Permanent teeth usually start to erupt about first grade. A special note here is that often the first molar, or six-year molar, erupts before the front tooth. Additionally, the first molar erupts behind the last baby tooth and does not replace a baby tooth as occurs for front teeth. Often lower front teeth come in behind, on the tongue side, and give the appearance for a while as if there are two rows of teeth.

If baby teeth are lost too early, the other teeth can drift out of their position and invade the empty space. This might cause permanent teeth to come in crooked or unable to erupt into the gum, which leads to malocclusion.
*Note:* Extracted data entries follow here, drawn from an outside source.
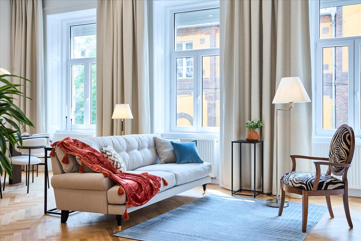 A complete renovation with replacement of all utilities. Design project in a modern European style. New energy-efficient heating and air conditioning. High-quality materials, furniture and household appliances. Modern oak parquet. The Parliament, Basilica, Opera, Margaret Island, shopping and business centers, as well as several educational institutions are within walking distance. 3 Minutes to the metro.
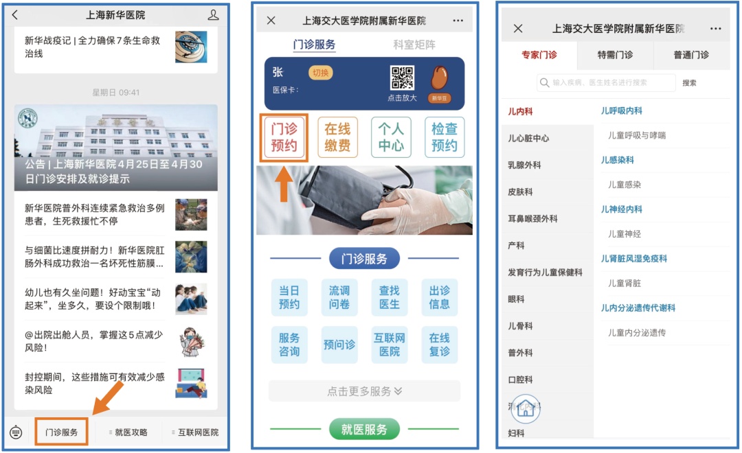 门诊预约请从“上海新华医院”微信服务号进入,点击“门诊服务”—“门诊预约”。
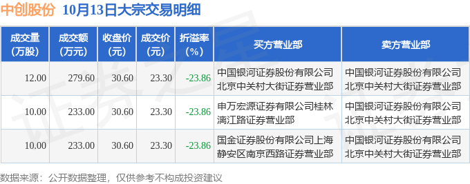 10月13日中创股份现3笔折价23.86%的大宗交易 合计成交745.6万元

Children suck on things because sucking is one of a baby’s natural reflexes and as infants get older it serves many purposes. Since thumbsucking is relaxing, it may help induce sleep. After the permanent teeth come in, sucking may cause problems with the proper growth of the mouth and alignment of the teeth. It can also cause changes in the roof of the mouth. Some aggressive thumbsucking may cause problems with the baby (primary) teeth. It can also cause changes in the roof of the mouth.
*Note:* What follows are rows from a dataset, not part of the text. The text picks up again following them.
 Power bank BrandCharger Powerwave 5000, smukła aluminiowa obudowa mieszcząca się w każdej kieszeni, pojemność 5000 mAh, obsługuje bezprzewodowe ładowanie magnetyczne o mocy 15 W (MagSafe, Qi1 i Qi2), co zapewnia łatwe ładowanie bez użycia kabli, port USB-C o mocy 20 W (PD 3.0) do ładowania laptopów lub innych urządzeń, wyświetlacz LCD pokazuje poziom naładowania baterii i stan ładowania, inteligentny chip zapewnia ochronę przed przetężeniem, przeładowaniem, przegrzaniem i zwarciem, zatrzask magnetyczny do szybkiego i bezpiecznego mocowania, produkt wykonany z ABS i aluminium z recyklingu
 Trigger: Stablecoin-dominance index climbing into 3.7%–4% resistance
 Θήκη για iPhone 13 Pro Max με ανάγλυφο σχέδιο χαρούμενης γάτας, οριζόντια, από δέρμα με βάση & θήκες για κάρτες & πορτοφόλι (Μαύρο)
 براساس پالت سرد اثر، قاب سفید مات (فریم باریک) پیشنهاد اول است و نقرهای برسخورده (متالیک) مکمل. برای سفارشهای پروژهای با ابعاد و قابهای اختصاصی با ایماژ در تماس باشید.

Pacifiers can affect the teeth essentially the same ways as sucking fingers and thumbs. However, it is often an easier habit to break.
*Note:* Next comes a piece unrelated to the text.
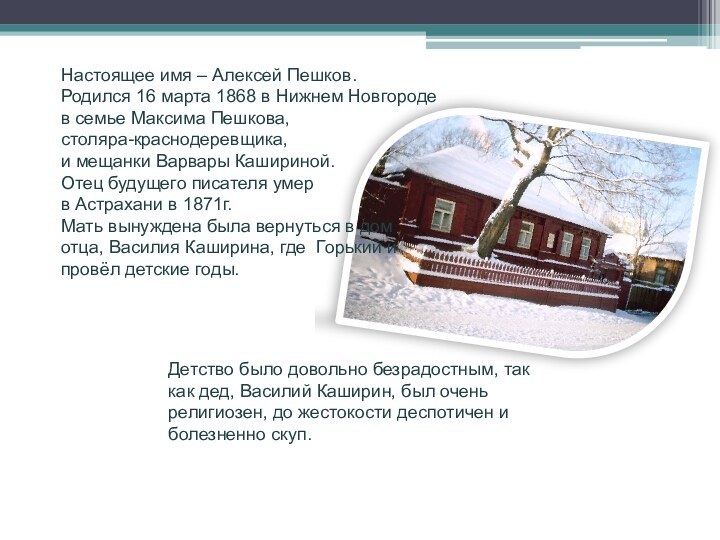 Настоящее имя – Алексей Пешков. Родился 16 марта 1868 в Нижнем

Praise children for not sucking, instead of scolding them when they are.

  • Children often suck their thumbs when feeling insecure or needing comfort. Focus on correcting the cause of the anxiety and provide comfort to your child.
  • For an older child, involve him or her in choosing the method of stopping.
  • Your dentist can offer encouragement to a child and explain what could happen to their teeth if they do not stop sucking.
  • If the above tips don’t work, remind the child of their habit by bandaging the thumb or putting a sock on the hand at night. Your dentist or pediatrician may prescribe a bitter medication to coat the thumb or the use of a mouth appliance.

    Preventive Dentistry
    Preventive dentistry is perhaps the singularly most important role the pediatric dentist can play in your child’s life. Beginning dental visits early is the key to success, as it helps and assists us in recognizing and warding off potential problems before they become serious. Child should be thoroughly examined to detect any potential problem areas, diet counseling, and if necessary, fluoride recommendations by the dentist.

    Dental care – common conditions – 0 to 5 years
    Mouth ulcers affect 20 per cent of the population. The natural healing takes one or two weeks. In the event these are painful and accompanied by fever, consult the dentist/doctor. Meanwhile, citrus in all forms should be avoided; take less salty foods; and apply topical anaesthetic.